Maryland’s quarterbacks
Player | Year | 2016 |
---|---|---|
Player | Year | 2016 |
Tyrrell Pigrome | SO | 37-71, 322 yds, 2 TD, 2 ints; 62 rush, 254 yds, 4 TD |
Max Bortenschlager | SO | 16-33, 209 yds, 1 TD |
Caleb Henderson | R-JR | DNP (transfer) |
Kasim Hill | FR | High School (4-star recruit) |
Ryan Brand | R-SO* | Junior College |
Legend Brumbaugh | FR* | High School (2-star recruit) |
Pigrome and Bortenschlager both picked up starts during Big Ten play last season, and both looked somewhat overwhelmed as true freshmen. The two took the majority of the snaps during April’s spring game.
Two newcomers make this a more interesting and promising race.
Caleb Henderson transferred to Maryland from UNC in August 2016, and after sitting out a year, he’s eligible as a redshirt junior. He’s seemed like the favorite to enter the season with this job for a while, but a broken foot suffered the week of the spring game raises legitimate concerns, even though he expects to enter fall camp healthy.
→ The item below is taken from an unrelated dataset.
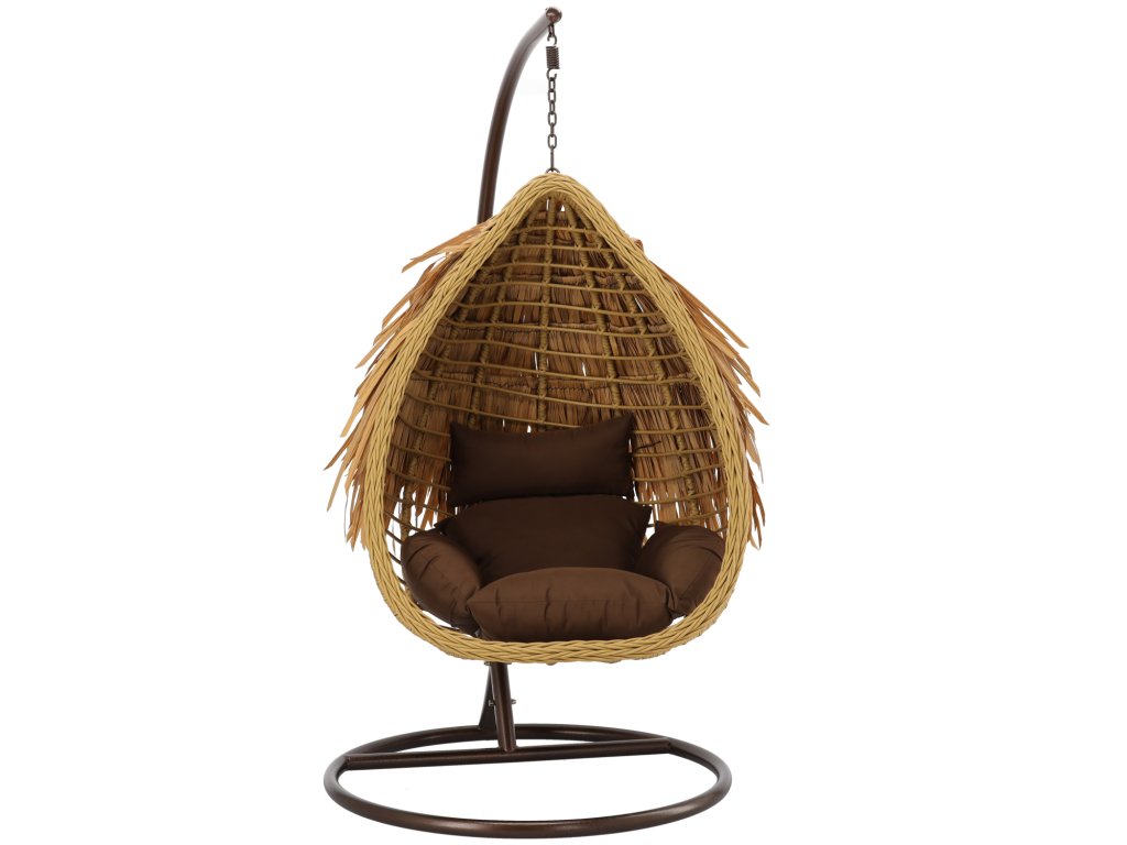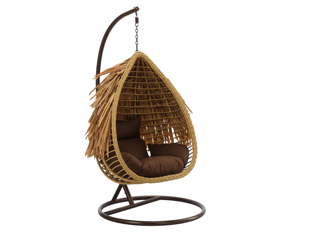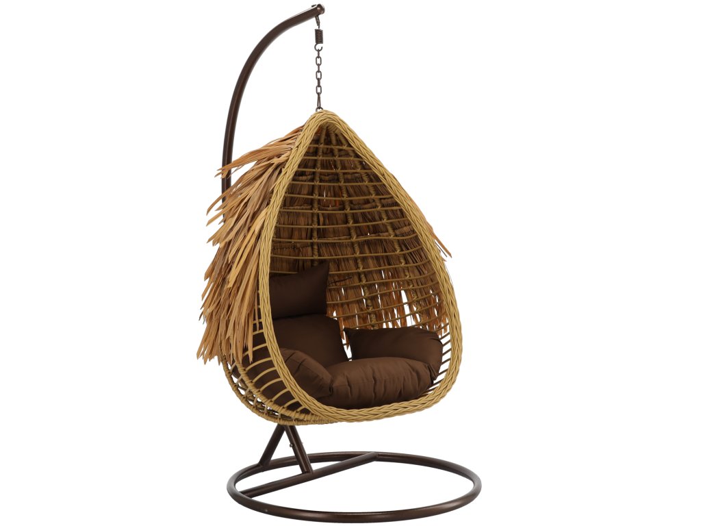 VISIACE KRESLO AZTEC - PRÍRODNÝ, HNEDÝ VANKÚŠ, HNEDÝ RÁM *0077

True freshman Kasim Hill won’t have nearly as much time to acclimate himself, but he has the talent to make a run at the starting job. Hill was the top quarterback prospect in the DMV for the Class of 2017, and it’s possible he turns into Maryland’s best option sometime this year.
With those two competing alongside Pigrome and Bortenschlager, there’s reason to hope that whoever emerges from fall camp with the job is fully capable of running the offense.
We won’t have answers here for a while.
This staff doesn’t seem to be into officially naming starters. Last year, we found out Hills won the job when he simply trotted out for the first series against Howard. We’ll have a better idea as fall camp starts and the team opens practices to the media, but that will primarily be speculation.
“The first rule of being a decision maker is take all the time that you have, and I got till Friday night at about midnight before we play Texas,” Walt Bell told Testudo Times in April.
Until then, Henderson and Hill and Pigrome and Bortenschlager—and even walk-ons Ryan Brand and Legend Brumbaugh, in theory—all have a chance.